Get the quiz sheet for this module from the general Assessments page. Fill it in, then submit to the online grading system before the deadline.
For this exercise, we will join the R data science community and participate in Tidy Tuesday, a weekly exercise that allows you to practice some parts of data analysis. The focus for Tidy Tuesday is on getting, cleaning (i.e., tidying) and exploring a data set, though people sometimes do statistical analyses as well.
This is another solo exercise, so no group work this week, but of course more GitHub. This exercise will go into your portfolio.
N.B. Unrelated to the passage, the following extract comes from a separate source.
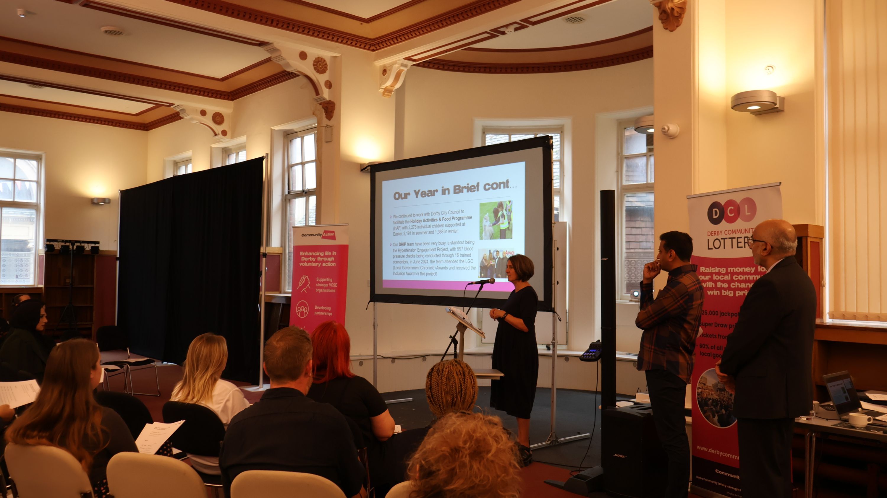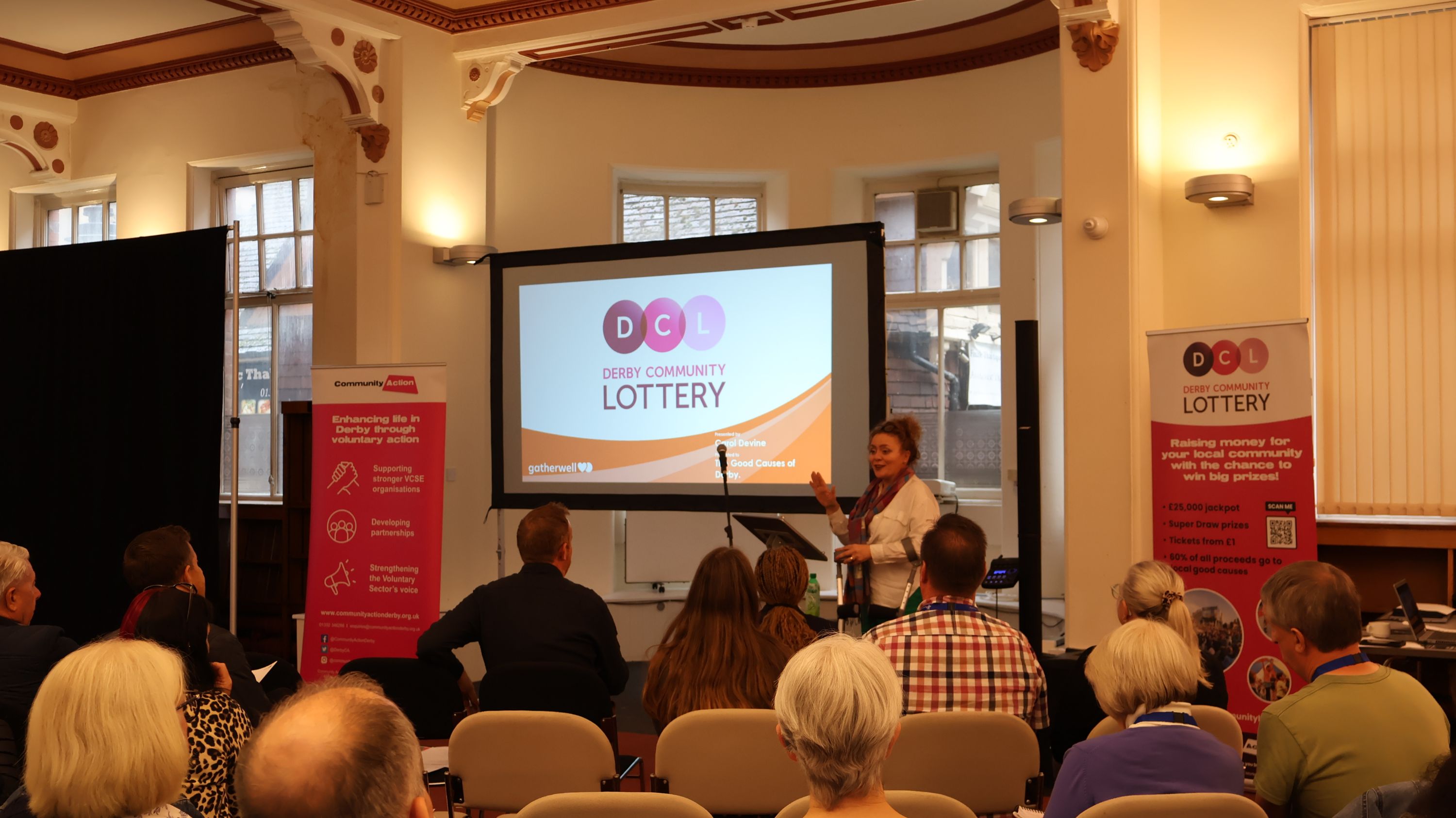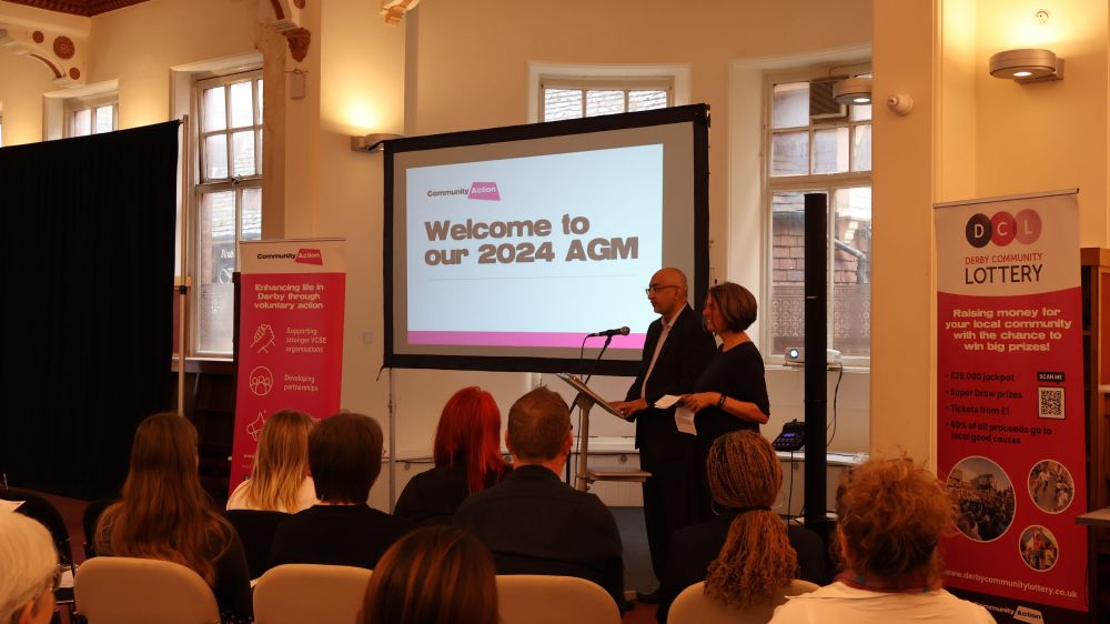 Next came the much-anticipated launch of the Derby Community Lottery. Carol Devine from lottery management organisation Gatherwell gave an insightful presentation on how the lottery works, the benefits for local good causes, and how to register. She also emphasised the advantage of good causes registering within the first week of ticket sales to maximise donations. After the presentation, CA staff were on hand to assist the first wave of good causes to sign up.

You briefly encountered Tidy Tuesday before in the Data Analysis Motivation unit. If you can’t remember, revisit that unit and re-read that section. Also read the information at the provided links.
If you want to see another Tidy Tuesday example, here is
one I did, as part of a previous version of MADA. I did it at the
same time the students did theirs. I plan to do my own Tidy Tuesday
again this time. For even more examples of previous analyses, see this nice
Shiny app which scans twitter for posts mentioning
Apparently, there is now also a Tidy Tuesday podcast. I’m not familiar with it, so I’m not sure what it’s all about and if it is worth checking out. It probably is worth giving it a try, since it’s (almost) always good to check out new things 😁 and those are very short recordings, so I think they just introduce the data of the week. If you end up listening to some, let me know what you think (post somewhere on Slack).
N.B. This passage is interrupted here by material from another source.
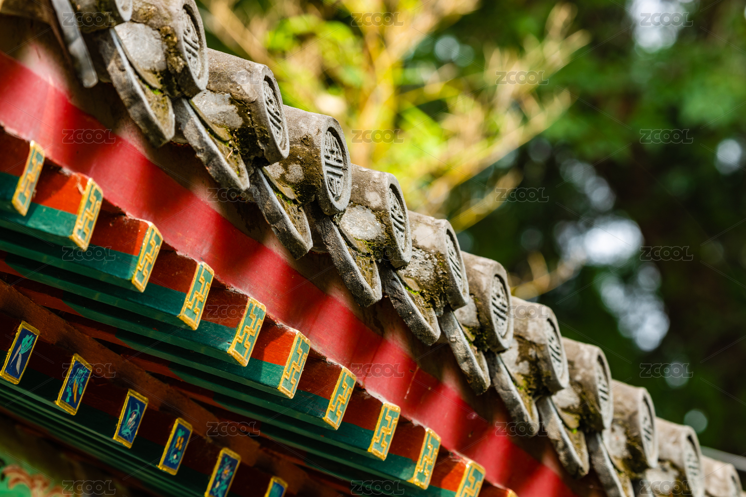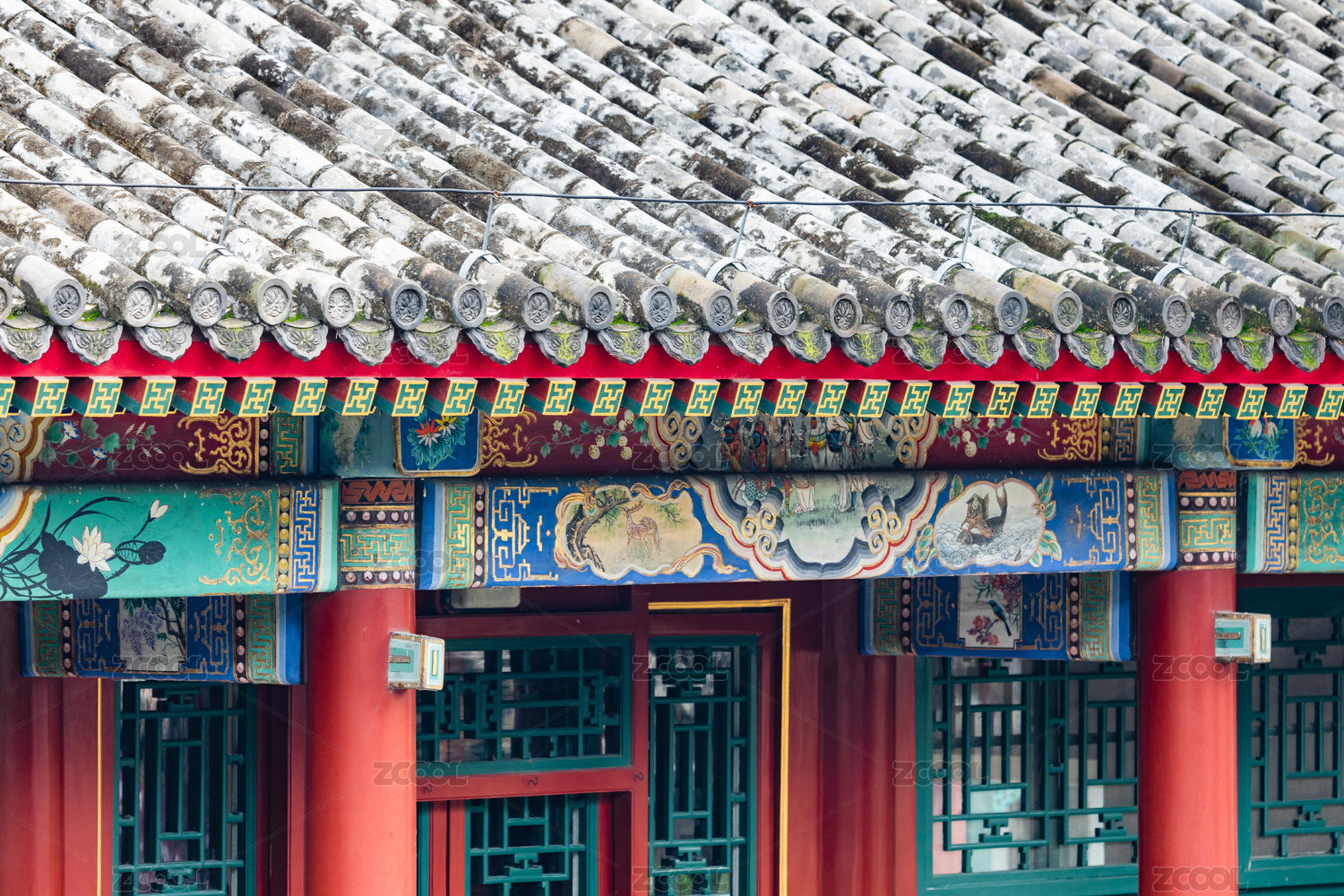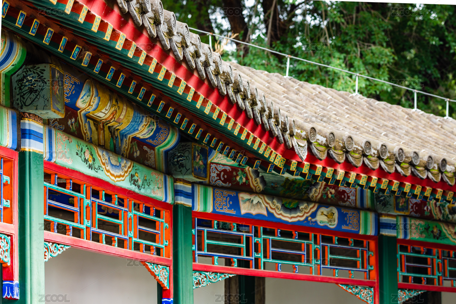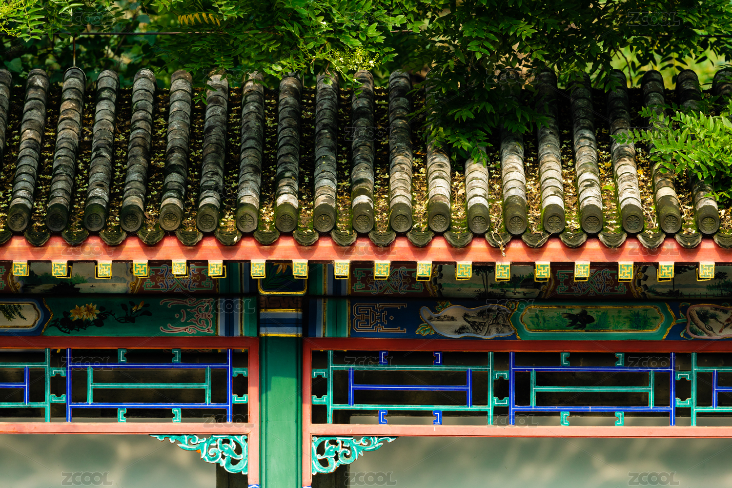 中國(guó)北京北海公園靜心齋的回廊頂部特寫

Your assignment is to participate in Tidy Tuesday by analyzing this week’s dataset. You can start as soon as the dataset is posted, which is Mondays. The datasets are released on GitHub. As I’m writing this, I have no idea what the data will be the week this exercise happens. That’s part of the fun of it 😄.
Here are some more detailed instructions:
Use your portfolio website. Make sure it’s up to date and fully
synced. Open it in R Studio. Then open the
tidytuesday_exercise.Rmd file. That’s where you’ll write
your Tidy Tuesday analysis.
Go to the TidyTuesday Github
repository. Look for the dataset for this week, and read the
instructions on how to get the data. You will also be provided with a
data dictionary. If the data is available for download, place it
somewhere in your portfolio repository (e.g., you can make a new folder
Write an R Markdown file that loads the data, performs any needed cleaning and wrangling, and produces some results (tables, figures). For this exercise, you don’t need to implement any statistical models. If you want, you can use some simple ones (e.g. adding a linear fit line to a scatterplot, or doing some simple stats tests). This is a fairly open-ended task. I trust that you get the right balance between spending too little and too much time/effort on this. Depending on your coding skills, I think around 1-4 hours (actually working, not having Facebook open at the same time 😁) might be a good time commitment.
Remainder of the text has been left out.